As for the evaluation of the completeness criterion, a database with 13,562 records of respiratory viruses exams, processed and released through indirect immunofluorescence (IIF) methodology was analyzed . Out of the existing 64 variables in the database, 37 were identified as important for the monitoring and tracking of the samples, out of which 17 (46%) were mandatory variables.
The 21 variables, listed in Table 1, were considered essential and classified depending on their percentage of completeness, with 10 presenting 99% and 100% (excellent), 10 with percentages between 73% and 82.2% (regular) and 1 with 70% (poor). The DCA was 87% (Table 1), resulting in regular data completeness.
- Percentage of filling and inconsistency in GAL's essential variables, for the monitoring and tracking of samples from the Sentinel Surveillance of Influenza-like illness (N = 13.562)
When analyzing the inconsistencies in the system's variables, the existence of date of receipt posterior to the processing date of the sample in 10% (unsatisfactory percentage) and date of birth differing from age in 8% (unsatisfactory) of the exams was verified. Date of birth posterior to the date of first symptoms in 0.4% (satisfactory), the date of request in 0.3% (satisfactory) and the date of collection in 0.3% (satisfactory) of the records was also observed. Therefore, the DIA in this evaluation was of 3.8% (satisfactory) (Table 1)
By observing the averages of completeness and inconsistency, the system was classified as having good data quality.
Acceptability evaluation identified that the system is implemented in 85% of the states, which corresponds to a coverage of 66.4% of the country's population, and the system was classified as having good acceptability.
Evaluation of the quantitative attributes
Representativeness was evaluated based on 2,591 (19%) positive exams for respiratory viruses, classified as released in GAL's database. It was observed that the distribution of respiratory viruses by age group was predominant in the group of 0 to 4 years, followed by the group of 25 to 59 years. These were the same age groups found as predominant in the Ministry of Health's epidemiological bulletin on influenza, as seen in Figure 2, highlighting similar characteristics between the GAL's and Sivep-Gripe's databases.

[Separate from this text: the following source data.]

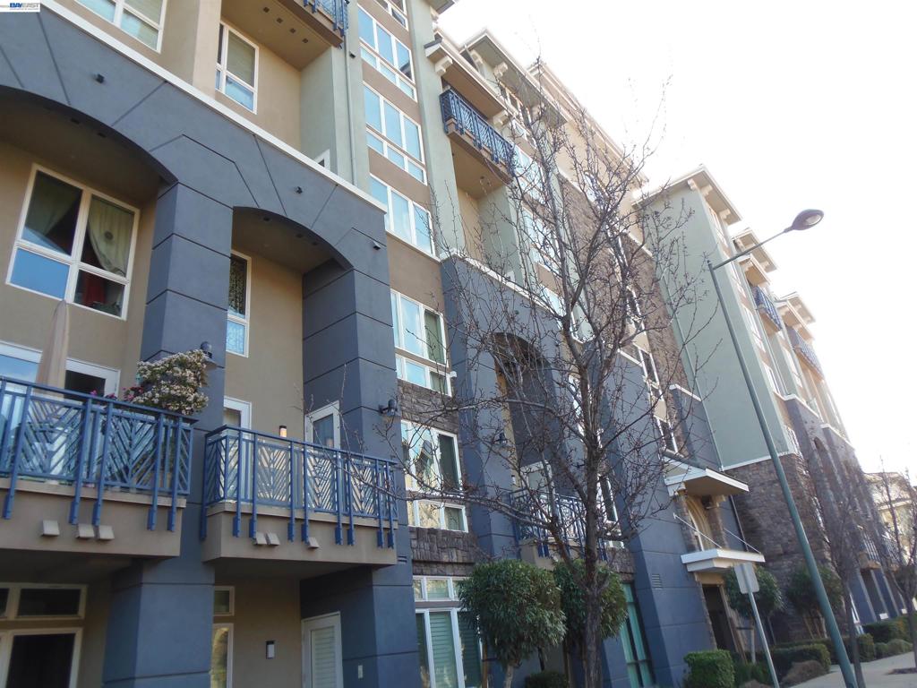 Perfect location! This 2bed/2bath condo is located on the 4th floor facing the garden and patio area. It is outside the enclosed hallway providing fresh air as opposed to being in the interior of the building. It features a larger floor plan and balcony than other 2 bedroom units. The cathedral ceilings in the living area provide an abundance of light. The loft on the second floor is an added bonus and perfect for a home office. The primary bedroom is on the second floor and a large second bedroom is on the first floor. Features include granite counters, laminate wood flooring on the first floor and carpeting upstairs. A washer and dryer is provided with the condo and is on the second floor. Other features of this Elan development include a fitness center, game room, gated 2 car tandem garage parking spaces, secured building access and parking and also guest parking. This location is a short block from BART. There is easy access to the 580/680 freeways, Whole Foods market, numerous restaurants, retail shops and Regal Cinemas movie theater. Your rent includes water and garbage. Available 3/27/26. Please note: this property requires a minimum credit score of 725 for everyone 18 years of age and older.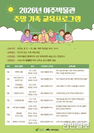 한민일보 서울포커스 전희주 기자 | 여주시 여주박물관은 오는 3월 7일부터 11월 28일까지 매주 토요일, 가족 단위 관람객을 대상으로 한 ‘2026년 주말 가족 대상 교육프로그램’을 운영한다.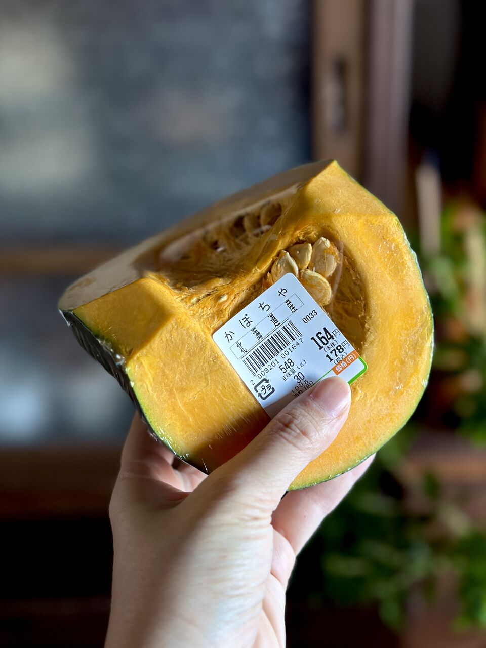 昨日スーパーで広告の品のお得なカボチャを買いました!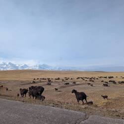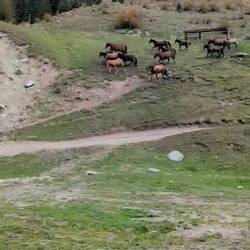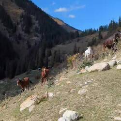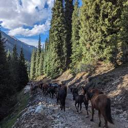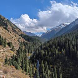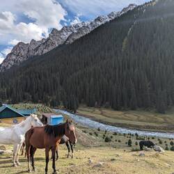 Kazakhstan is a vast country with very little public transport so the easiest way to see some of the natural highlights is to join a tour. There isn't much tourism infrastructure outside of the cities in Kazakhstan so a coach load of people are split into groups and stay in someone's house for a couple of nights, being collected every morning for the sightseeing. On the first day of the trip we hiked to visit a few lakes. Kaindy Lake was formed by a landslide during an earthquake in 1911 blocking the flow of glacial water and resulting in a sunken forest. Kolsai lake is a large lake that you can take boat trips on, so me and a few other tourists that I had made friends with went out on a pedalo.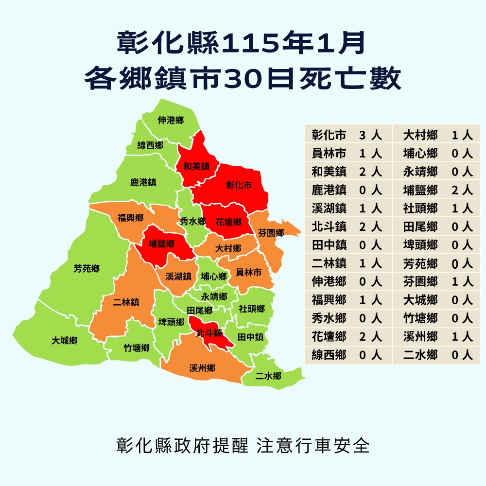 根據交通部道安資訊查詢網,本縣115年1月道路交通事故與去(114)年同期比較分析,以大型車造成行人涉入事故增加100%最高,少年自行車騎士(含電自、電輔) 增加67.4 %次之。微型電動二輪車(含電輔) 增加48.8 %再次之。1月份鄉鎮市30日死亡人數於「彰化市、和美鎮、北斗鎮、花壇鄉、埔鹽鄉」為多,肇事熱點以「彰化市」為多,合先敘明。 |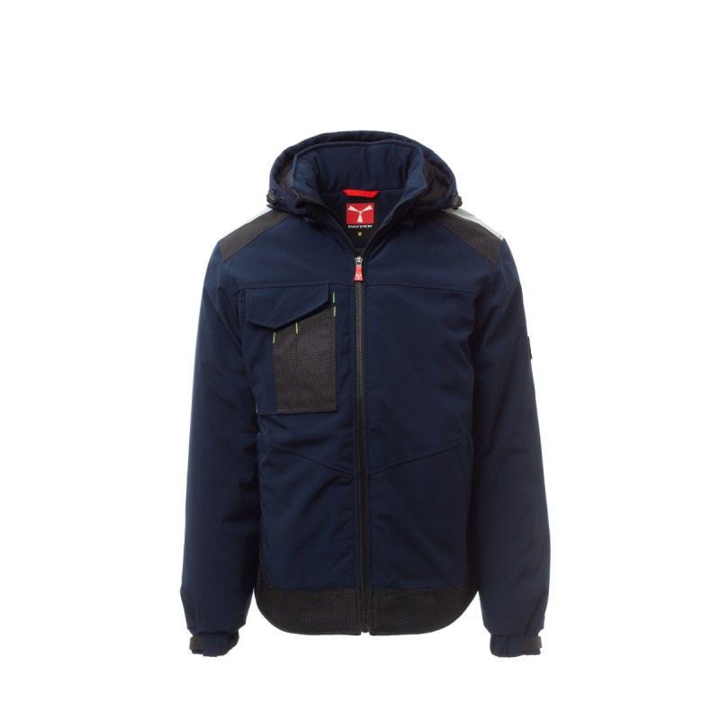 WP 8000 mm H₂O, WVT 5000 g/m² 24h Soft-shell rembourré pour homme, fermeture par zip avec curseur en métal à verrouillage semi-automatique et tirette personnalisée. Capuche amovible, avec coulisse réglable. Bande rétroréfléchissante sur les épaules. Poignets élastiques, réglables par velcro. Poche poitrine Lock System avec rabat et porte-stylos. Deux poches latérales fermées par zip. Deux poches intérieures dont une avec porte-tablette fermée par velcro et une profilée avec zip sur poitrine côté droit. Bas réglable avec stoppeurs personnalisés et passepoil réfléchissant sur le dos.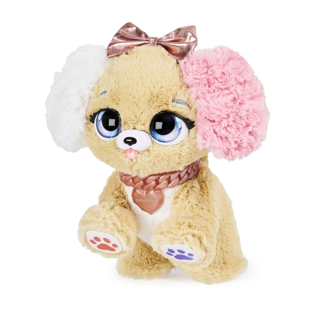 Minden kölyök kutyusnak kifejező szeme, puha, plüss teste és rózsaszínes részletei vannak a mancsán, a fülén és masniján. Nézd milyen nagyon aranyos! Amikor felfedi magát, az kölyök kutyus egy különleges kicsomagolós dalt énekel!

The distribution of respiratory viruses by epidemiological week was also observed and it was verified that, in the last two years analyzed, the highest circulation of the viruses happened between March and September, as presented in Figure 3.
- Distribution of respiratory viruses by age group, in the Laboratory Environment Management System (GAL) and SIVEP-GRIPE, Brazil, 2011 and 2012
- Distribution of the respiratory viruses identified in the Laboratory Environment Management System(GAL), by epidemiological week of the date of collection of the sample, Brazil, 2011 and 2012
With the evaluation of these aspects, the system was classified as representative for SSILI regarding age groups and the epidemiological week.
The system showed the ability to calculate the many time intervals between the processes, since the collection done by surveillance, until the release of the result by the technician assigned to the analysis, as demonstrated in Figure 4. The average time to gain access to exam results, coming from SSILI, was 11 days, with interquartile variation (IQR 6 - 29 days).
- Median time to access laboratorial results and other possible timely access in the Laboratory Environment Management System(GAL)
According to professionals, before GAL’s implementation, access to exam results happened only after they were released by the technician, being then necessary to print and send them to the requester.The reason for that, in some cases, resulted from the necessity to send the results to the surveillance team through the laboratory, or even for the surveillance team themselves to be responsible for picking up the exams. After the system was implemented, the average time to gain access to exam results decreased approximately 50%. According to professionals, the average time used to be around 30 days, showing the system's good timeliness when compared to the time spent before it was created. The system was evaluated as showing good timeliness regarding access to exam results, taking in consideration the parameter established by the technical department, as presented in Figure 4.
According to technicians in charge of the system, during the period studied, there was no loss of data. As for the professionals responsible for GAL's development and maintenance at a national level, the project had a project leader, an analyst and two developers at DATASUS, an IT professional at CGLAB and an advisory Technical Group (TG), with five professionals from Lacen, with no connection to the Ministry of Health, amounting to 10 professionals in 2011. In the following year, the team was expanded to 13 professionals, with one junior analyst and a developer being added to DATASUS team, an IT professional to CGLAB and the Technical Group was maintained. Although the team was composed by only one public servant and five state employees, the system is classified as having good stability, since, during the period evaluated, it did not showed any loss of data, nor absence of a qualified technical team for its maintenance and development.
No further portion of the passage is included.